It is not at all clear what you want to do. One conjecture
(attempt at reading your mind):
X_t = ``black box's state'' at time t
f_t = ``force'' at time t
Proposed model e.g. AR(3):
X_t = phi_1 * X_{t-1} + phi_2 * X_{t-2}
+ phi_3 * X_{t-3} + f_t
You wish to identify/estimate the coefficients phi_1, phi_2,
phi_3.
Remarks:
(a) This model probably doesn't make a lot of sense, with
known/observed f_t. It will almost surely not hold exactly,
for ***any*** values of the phi_i.
(b) A model which makes a bit more sense, in the abstract, is
X_t = phi_1 * X_{t-1} + phi_2 * X_{t-2}
+ phi_3 * X_{t-3} + f_t + E_t
where E_t is (unobserved) i.i.d. random ``error''.
(c) This last model is just a simple regression model and
may be fitted using lm().
cheers,
Rolf Turner
rolf at math.unb.ca
Original message:
> Hello!
> Is it possible to use R time series to identificate a process which is
> subjected to known input?

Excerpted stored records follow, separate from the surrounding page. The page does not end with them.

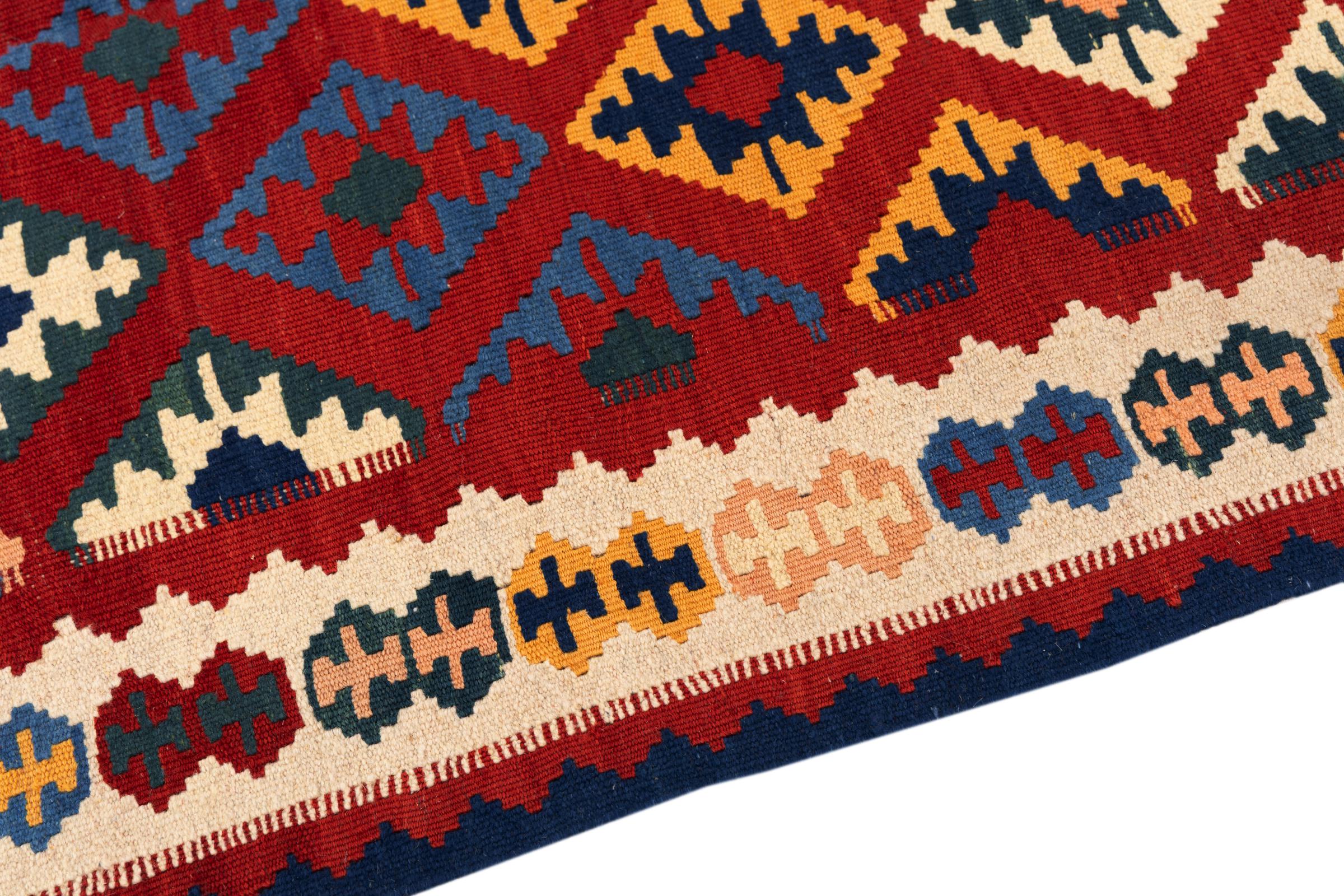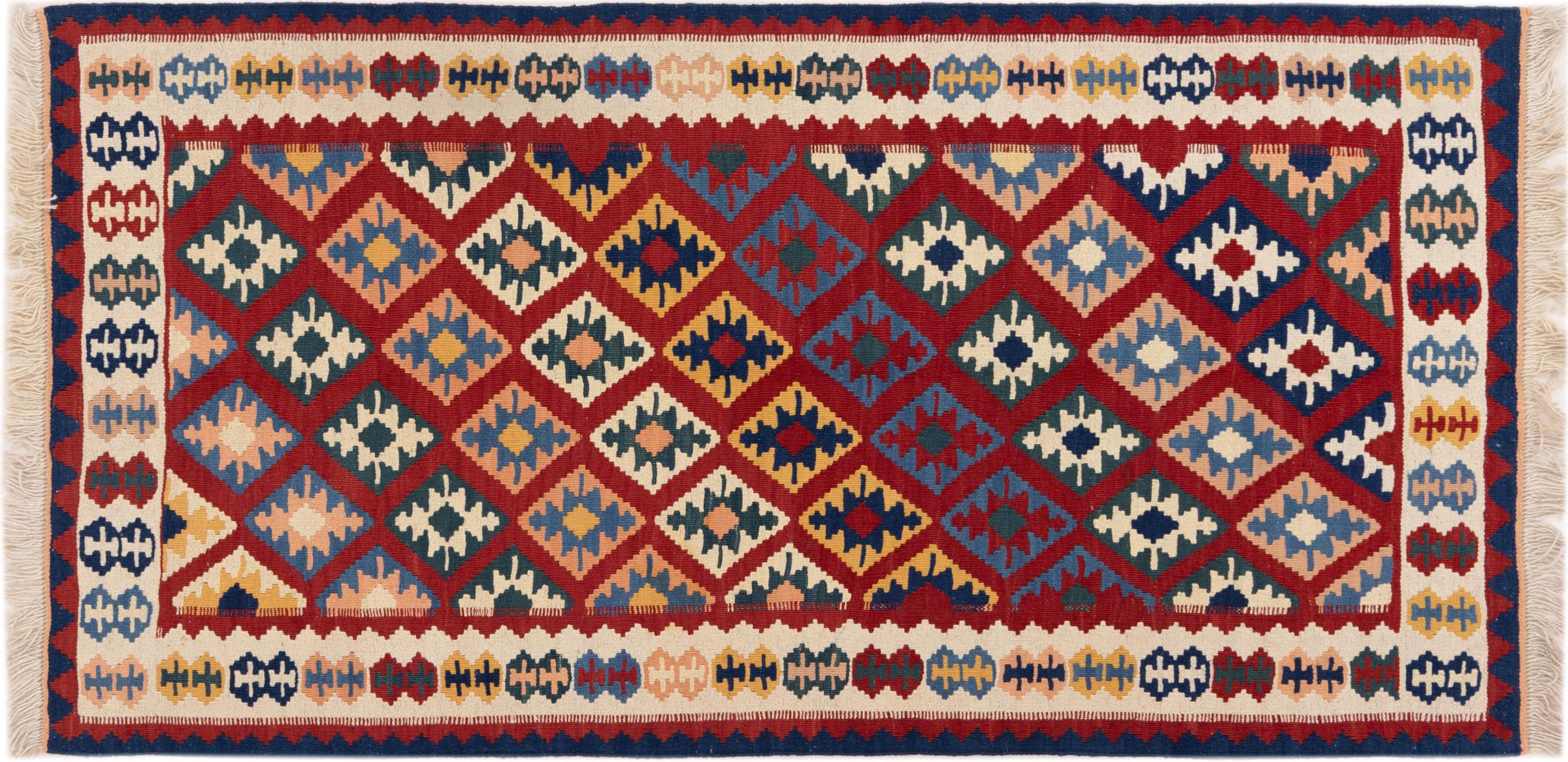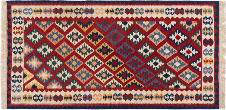 Dit tapijt is met de hand gemaakt op een weefgetouw als plat weefgetouw. Flatweave is de term die wordt gebruikt om tapijten zonder pool te beschrijven. Zoals de naam al belooft, zijn deze tapijten geweven en niet geknoopt. Dit resulteert in een vlak tapijt met een gestructureerd oppervlak. Platweefsels zijn niet zo zacht en meestal dunner dan geknoopte tapijten. Tegelijkertijd zijn ze veel minder complex te vervaardigen en kunnen ze meestal aan beide zijden (voor- en achterkant) worden gelegd. Hun patronen zijn meestal geometrisch, wat wordt bepaald door de stof.
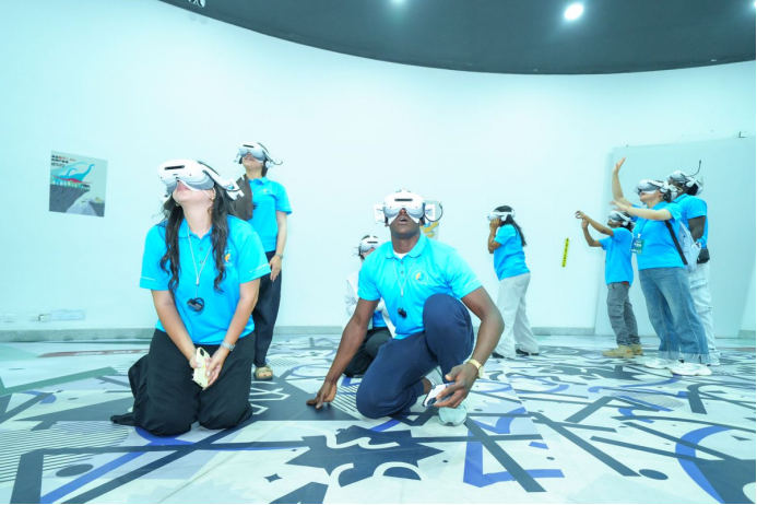 参加第九届“一带一路”青少年创客营与教师研讨活动(中非板块)的南非学生体验VR技术
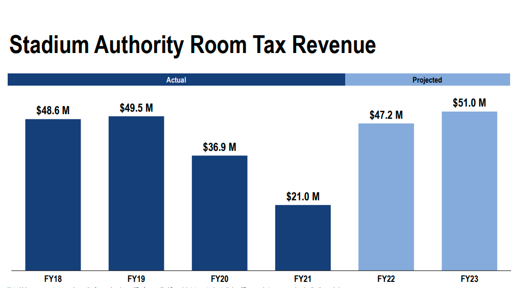 Take a look at the projected stadium authority room tax revenues for fiscal year 2022 and 2023. The $51 million in projected room tax money for next year would be more than the previous high of $49.5 million of fiscal year 2019.
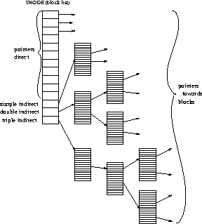 Next a number of blocks is allocated for storing individual file descriptions. Each file is described by an inode or information node. The number of inodes is allocated statically, at file system creation time. All relevant file attributes are kept in inodes, including a representation of the list of the blocks used by the file, (figure 3). The indirect blocks need to be present only if the size of the file is big enough (i.e. the simple indirect pointer may be NULL). This scheme has many merits; let us only observe that files with ``holes'' inside can exist.
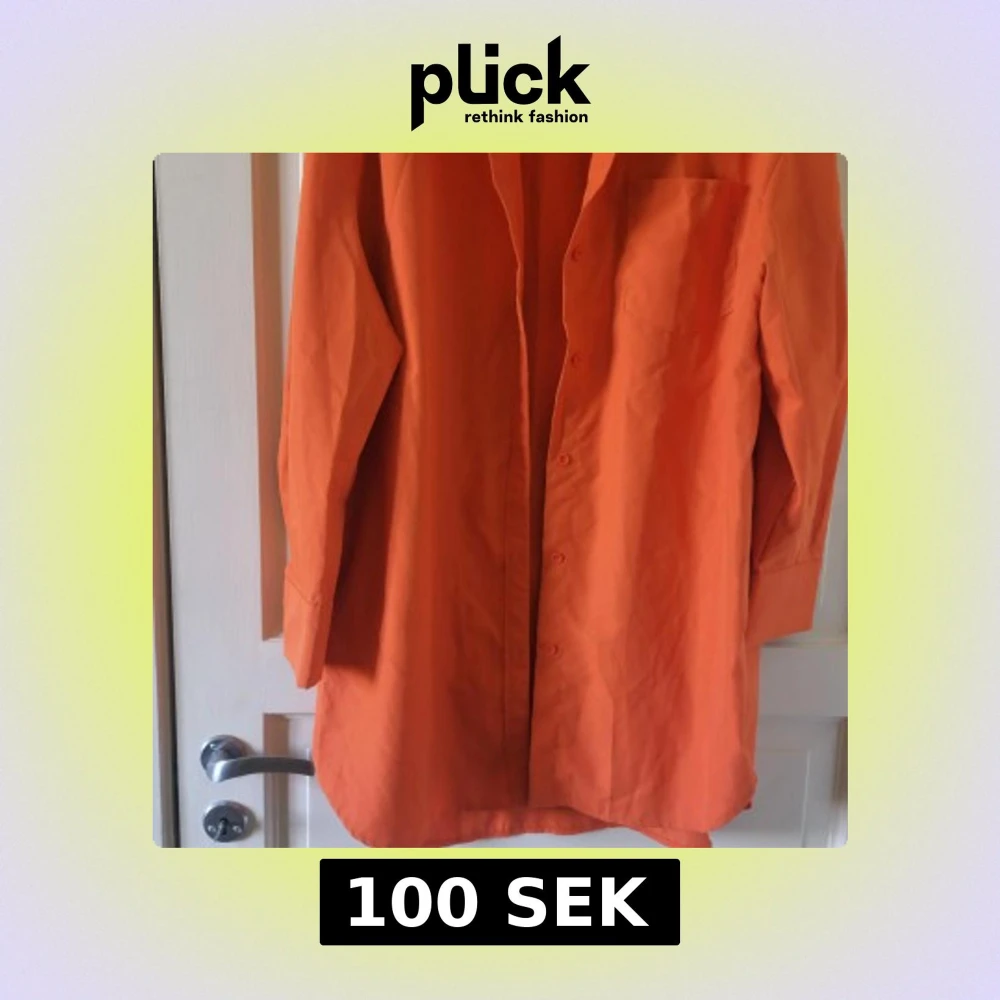 Säljer en orange skjorta från SHEIN i storlek L. Skjortan har klassisk krage, lång ärm och knäppning framtill. Perfekt för dig som vill ha en färgstark och enkel skjorta i garderoben.
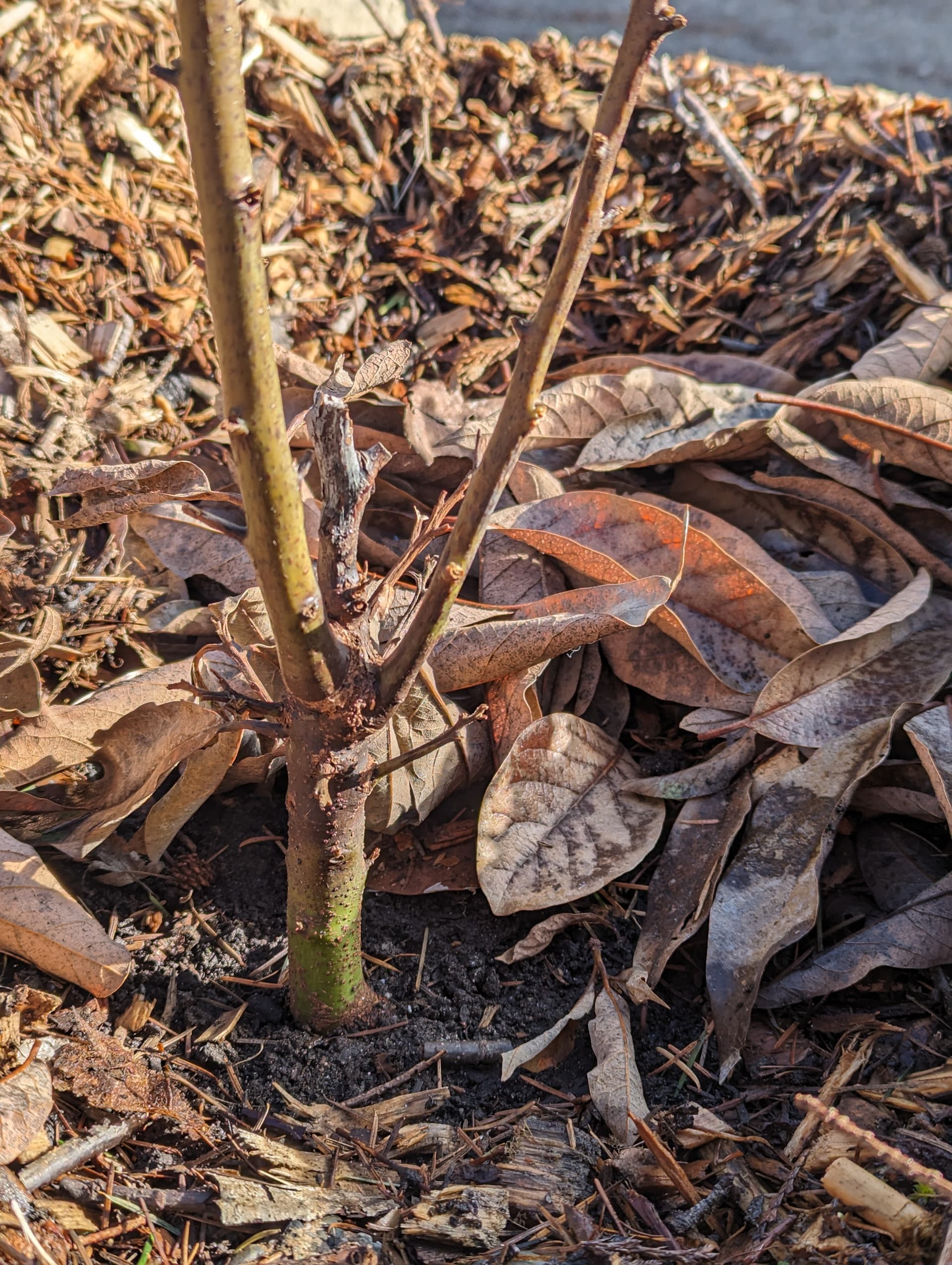 Just did a survey of some of the trees that were unprotected or only minimally protected during the January freeze. Definitely looks like a few will regrow from around ground level. Here are just a few of them. The links for each of these go to their profile page on the project website, which gives some background on each of them:
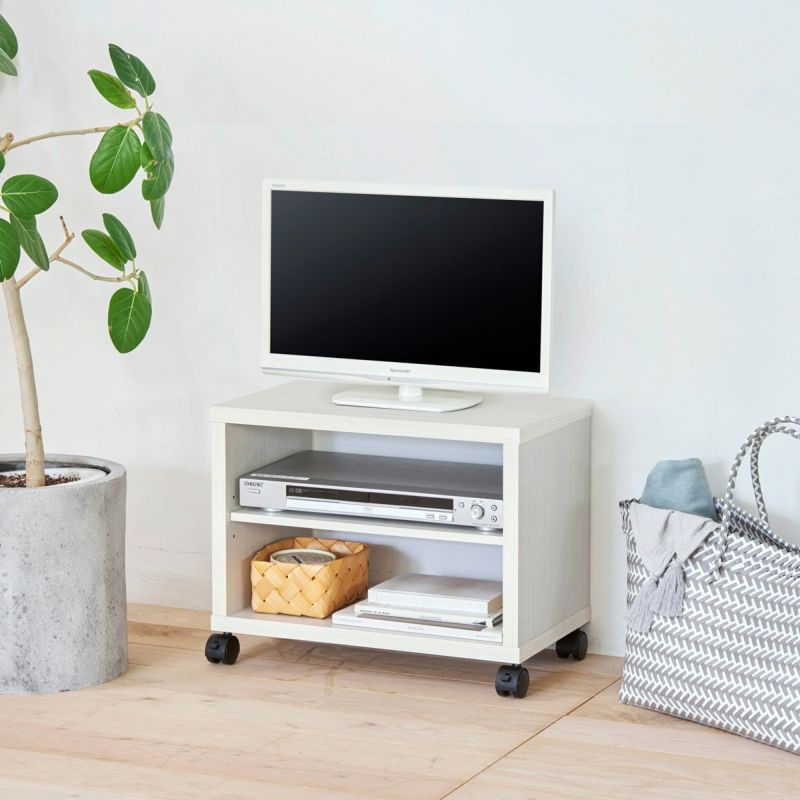 テレビ台 幅51cm 高さ40cm ホワイト 白木目 19V型対応 キャスター付 背面化粧有 TVボード
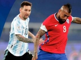 北京时间6月15日5点,美洲杯A组第1轮,阿根廷对阵智利。上半场,劳塔罗和冈萨雷斯先后错失良机,梅西任意球直接破门.下半场,塔利亚菲科送点,比达尔射失点球但巴尔加斯补射打进,全场比赛结束,阿根廷1-1智利。...
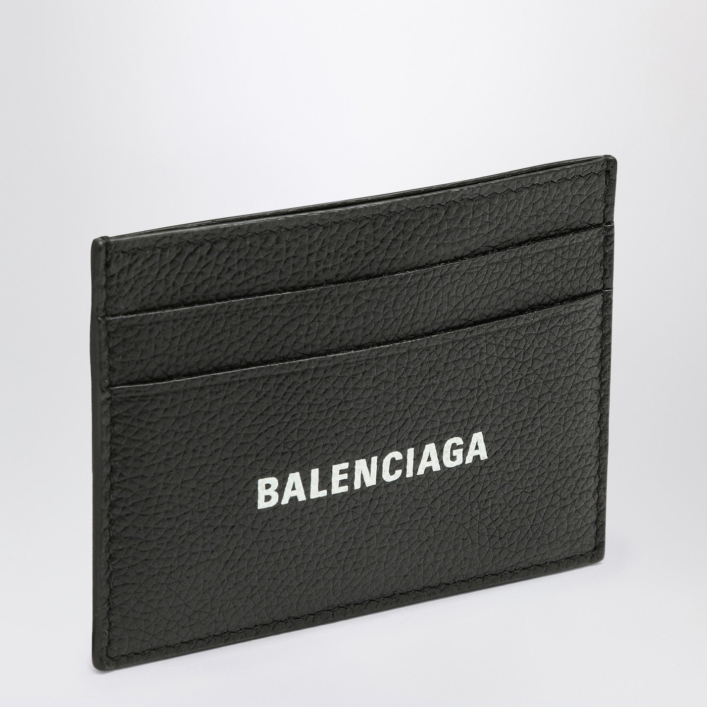 Card holder by Balenciaga in black grained leather, featuring central compartment, six slot pockets for credit cards and contrasting logo print on the front.

I.e. I have 2 sequences - one is measurements
> of black box's state and the second is the "force" by which
this black
> box is driven (which is known too) and I want to fit thist two series
> with AR-process. The "ar" procedure from stats package expects
that the
> force is always random. Is it possible to feed it known vector as input
> parameter?
> Thank you in advance.